Toplumdaki insanlar o kadar cesitlidir ki, Ornegin Romenler Ortadoksturlar , kiliseye giderler, kilisenin onunden gecerken hac cikarirlar.  Gercek su ki ne olursa olsunlar, din belirleyici degil. Romanyada duraklarda bir kiza dikkatli bakan bir tane erkek gormedim. Kaldi ki , Romen kizlari bence dunyanin en guzel kizlari olmasina ragmen.  Bu insanlar kendilerini frenlemeyi ogrenmisler ise siz de frenleyebilirsiniz. Hersey sizde bitiyor. Dunyadaki tum kizlarin " narin, aska ihtiyaci olan, ovulmeyi seven" cinsler oldugu gercegini kabul edip kafaniza sokarsaniz, tum dunyayi da gezseniz , onlara karsi olan davranislariniz degismeyecektir .

Agir kapitalizm, insanlardaki acik sevgi gosterilerini ortadan kaldirmis olabilir, fakat cogu toplum hatta Sovyetler den ayrilan 8-10 milyon nufuslu ulkelerdeki saygi inanilmaz.  Otobuslerde , tum gencler yasli insanlara yer veriyorlar hem de onlara soyletmeden, Turkiyede yasli teyze " yeni nesil cok kotu" nutuklari attiktan sonra genclerimiz yer veriyorlar hem de soylene soylene (!)

IPAD imiz, Pc'lerimiz, Mp3 umuz, playstation umuz. Tv imiz hatta ucak biletlerimiz bile var .  Ama bu bizi ne kadar insancil yapiyor? Ornegin IPAD ten ya da Kindle dan sabahlari internete baglandigimizda , dunyadaki ac evsiz cocuklara bir yardimimiz dokunuyor mu ? Ayni ekrandan gazete okudugumuzda, " hadi bu ulkenin degisecegi yok, once kendimi degistireyim, radikal degisikler yapayim" diyormuyuz?
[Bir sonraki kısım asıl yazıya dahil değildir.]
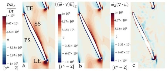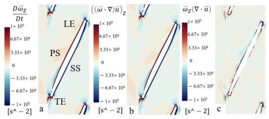 Figure 17 and Figure 18 show each term of the vorticity equation on Span 1 of the front impeller and rear impeller in Scheme 4. Comparing the figures in Figure 17, the vorticity in this area is mainly dominated by the vortex stretching term, which means that the vortex deformation here is relatively severe. In addition, there is also significant vorticity in LE, which is generated by LE impact water of the impeller. There is a region with a small value of vorticity near PS in LE, which is a continuation of the vortex caused by impact downstream and gradually dissipates in the flow. Comparing Figure 17a,b, there is only a slight difference near the blade. The contours of the vorticity caused by the vortex stretching term are mainly located near the blade surface and in the wake near the TE of the front impeller.

Ornegin Couchsurfing den tanistigimiz ve evimizde misafir ettigimiz Ermeni bir erkege ya da kiza, cok iyi misafir perver olduktan sonra , evden gittikten sonra arkasindan " ya biliyodum bunun boyle olacagini , tarihte e boyle idiler " mii diyor arkasindan konusup iki yuzluluk mu yapiyoruz?  ne kadar yazik..

Son olarak Yilbasi  Noel kutlamalarindan bahsedecegim kisaca. Agaca cikan ve ustunu cikarip ciplak olarak yilbasini kutlayan bir Turk genci, sarhos bunu cok eglendigi icin mi ? yoksa gosteris yapmak icin mi yapiyor?

Ya da Almanlarin, ceklerin, romenlerin, slovaklarin, italyanlarin Noeli agaca cirilciplak cikararak boyle kutladigini mi duymus ?  cok ilginc, bence bu kisi moron ( retarded)
Bunun yanisira, Belediyeler Noel kutlamasi icin alan hazirlayamaz , belediyelerin gorevi " vatandasin" evlerinin onundeki copleri temizlemektir .  Turkler, bu yilbasinda , yine ickiyi kacirdi, saldirdi, oldurmeye teseppus etti , kizlara sarkti, yani gectigimiz yila gore birsey degismedi, ve bu kafayla giderlerse degismez. AB de Turkleri " aaa sislide, nisantasinda noel kutlamis turkler hadi sunlari AB'ya alalim" demezler. Isterseniz  yilin 365 gunu aksamdan kalma  ( hangover) ol , bu birseyi degistirmez. Eger vatandas yaya yolundan gecerken, surucu olarak durmuyorsan , saygi gostermiyorsan , yuksek sesle bagirip yolculari rahatsiz ediyorsan, ve buna da " ama avrupada yuksek sesle bagiriyorlar, siz ozgur degilsiniz " kilifini uyduruyorsaniz, size uzun bir avrupa turu tavsiye ediyorum, cunku oyle birsey yok.  Rusyada Baskan PUTIN, sokaklarda 12.den sonra icki satilmasini yasakladi. Hollanda, yabancilara mariuhanna, hashas satilmasi konularina sinirlama getirdi.  Romanyada caddede " icki" sisesi ile yakalanirsan polisler seni  aninda durdurur ve para cezasini yersin ve akillanirsin.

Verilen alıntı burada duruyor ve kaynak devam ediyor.